En 1995, mientras demagogos regionales alentaban una guerra genocida en los Balcanes, elegí mi ciudad natal como lugar para contraer matrimonio con el diplomático Richard Holbrooke, que aún estaba en medio de las negociaciones para el final del conflicto. En el brindis nupcial, con el presidente húngaro Árpád Göncz a su lado, mi nuevo marido dijo: «Con este matrimonio, también le doy una nueva bienvenida a Hungría a la familia europea de democracias a la que pertenece».

Richard y yo tuvimos una relación amistosa con Orbán durante su primer mandato; incluso vino a cenar a casa. Aunque no es un dictador asesino a la manera del presidente ruso Vladimir Putin, carece de convicciones profundas, más allá de la acumulación de poder para sí mismo. Su ingenio está en atizar sentimientos de nacionalismo frustrado y asegurar a los húngaros que es el único que puede protegerlo de un mundo hostil y no cristiano. Ese mismo discurso lo oí a menudo hace veinticinco años en labios de los señores de la guerra en los Balcanes.

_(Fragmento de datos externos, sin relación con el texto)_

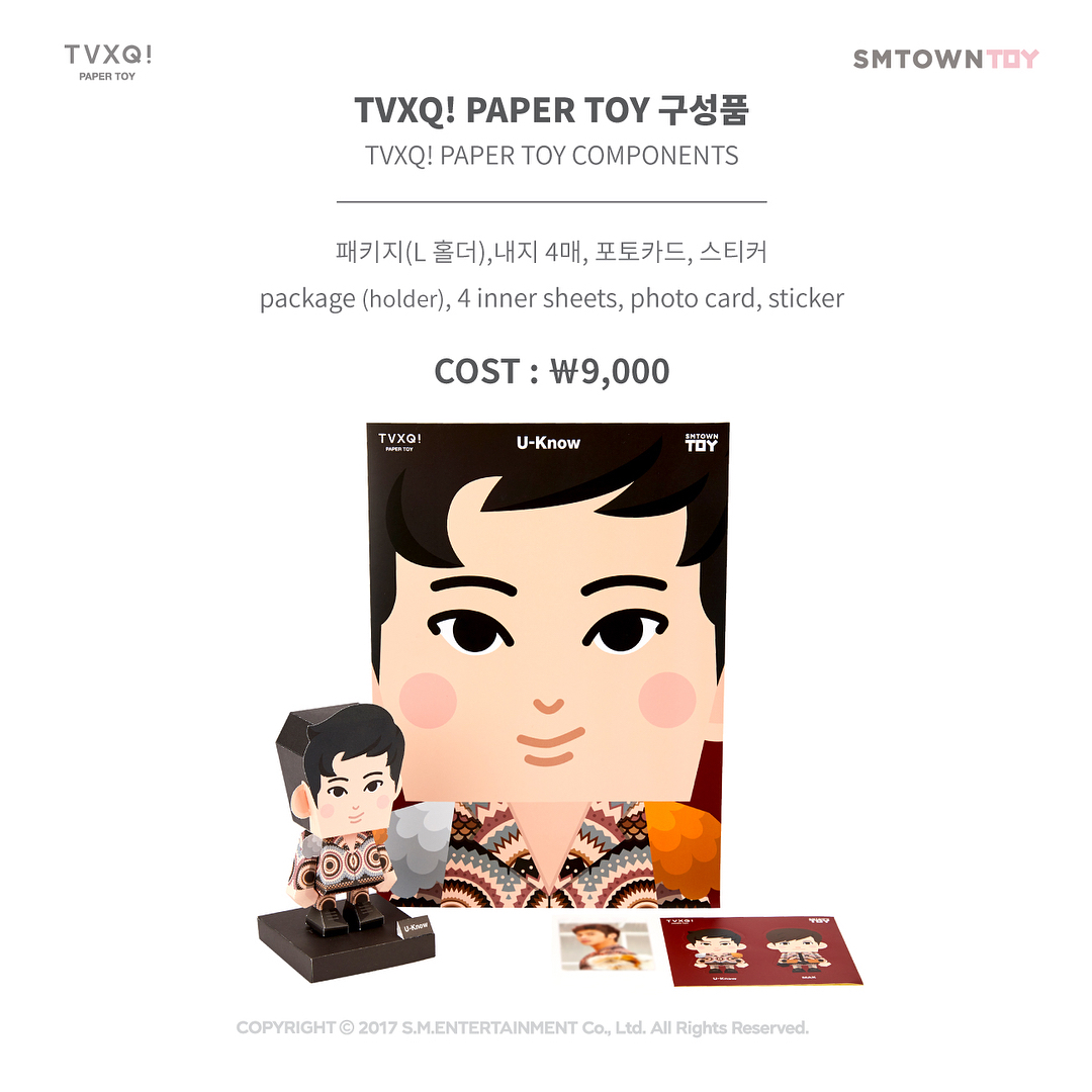TVXQ! PAPER TOY components: Package (holder), 4 inner sheets, photo card, sticker
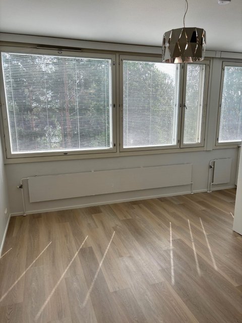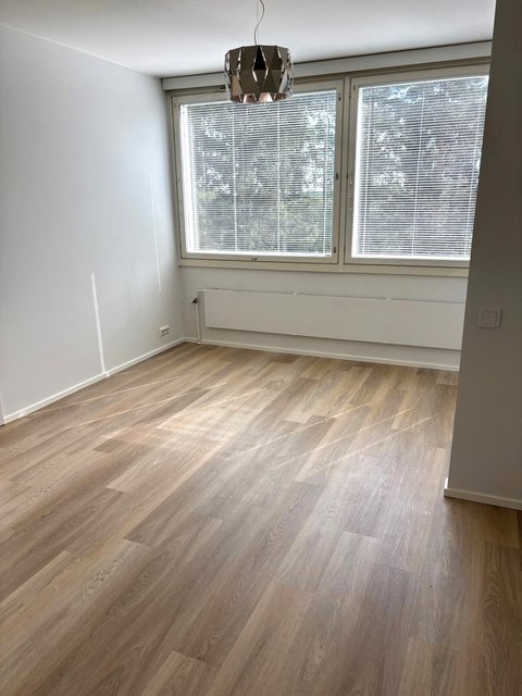 - Valoisa olohuone, juuri laitettu uusi vinyylilattia ja seinät maalattu.
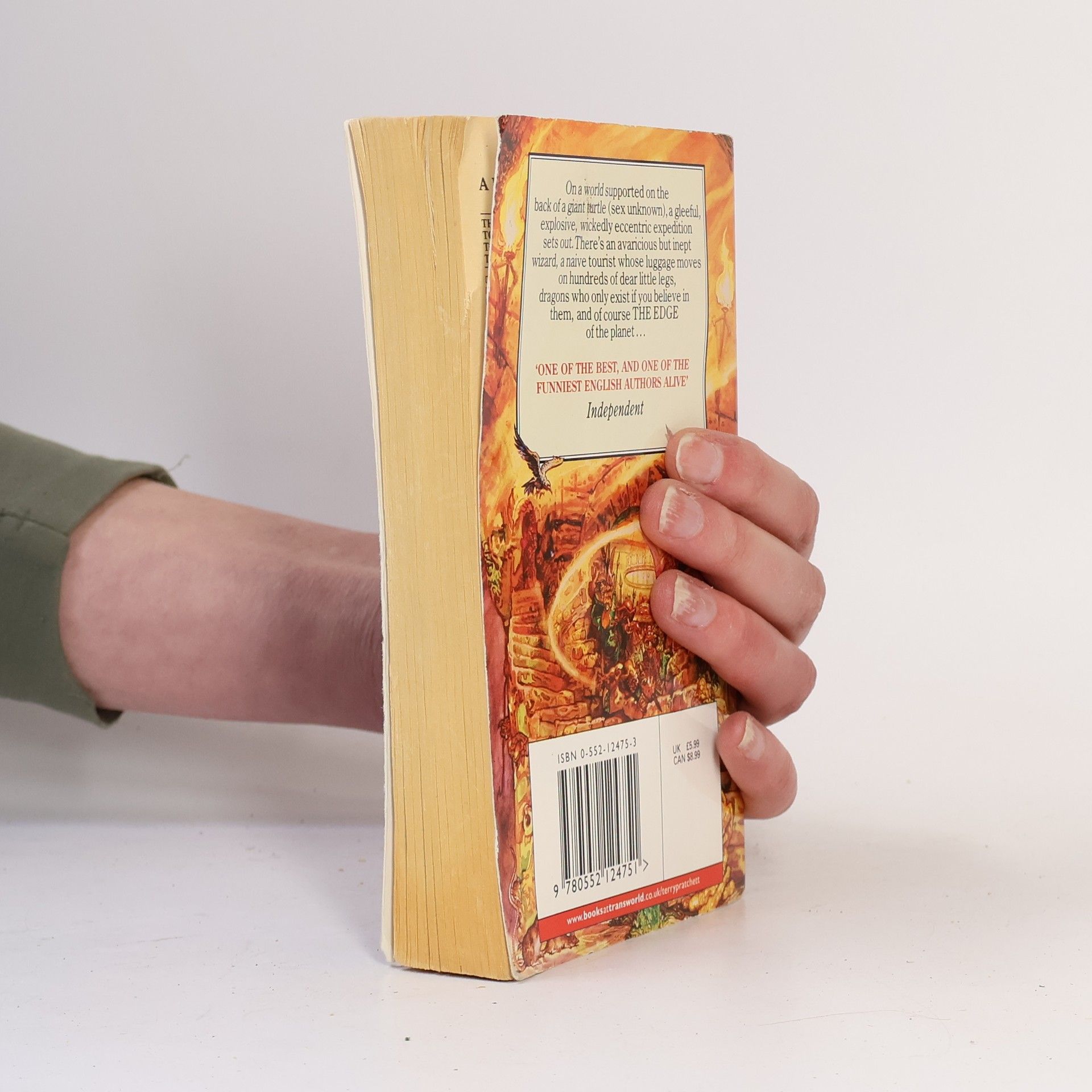 On a world supported on the back of a giant turtle (sex unknown), a gleeful, explosive, wickedly eccentric expedition sets out. There's an avaricious buy inept wizard, a naïve tourist whose luggage moves on hundreds of dear little legs, dragons who only exist ifyou believe in them, and of course THE EDGE of the planet...

Aunque Hungría ya no encarcele a periodistas independientes, el régimen de Orbán silencia las voces críticas en formas más sutiles e igual de efectivas; por ejemplo, negando licencias de radiodifusión y concentrando medios de prensa en conglomerados manejados por aliados de Orbán. Las tropas soviéticas que otrora patrullaron mi vecindario ya no están; pero en Orbán, Putin tiene un aliado dentro de la UE, aunque el Kremlin esté poniendo en riesgo la seguridad de Hungría desde el este, en Ucrania.

Orbán se mostró incapaz de hacer realidad la promesa que pronunció en la Plaza de los Héroes en 1989. Cuando el Estado controla el 90% de los medios en Hungría, mal pueden las elecciones llamarse «libres». Pero la decisión de este año no depende de Trump, o de Carlson, ni siquiera de Orbán; depende de los votantes húngaros.

Casi medio millón de húngaros (de una población de diez millones) optaron por emigrar desde que Orbán asumió el poder. Ahora los miembros de la diáspora húngara tenemos una responsabilidad especial de hacernos oír, para que los húngaros ya no tengan que irse a hacer realidad su potencial en otro país.

Por segunda vez en mi vida, Hungría tiene una oportunidad de ser un «símbolo luminoso del anhelo humano de libertad». Pero es necesario que los húngaros la aprovechen mientras todavía pueden.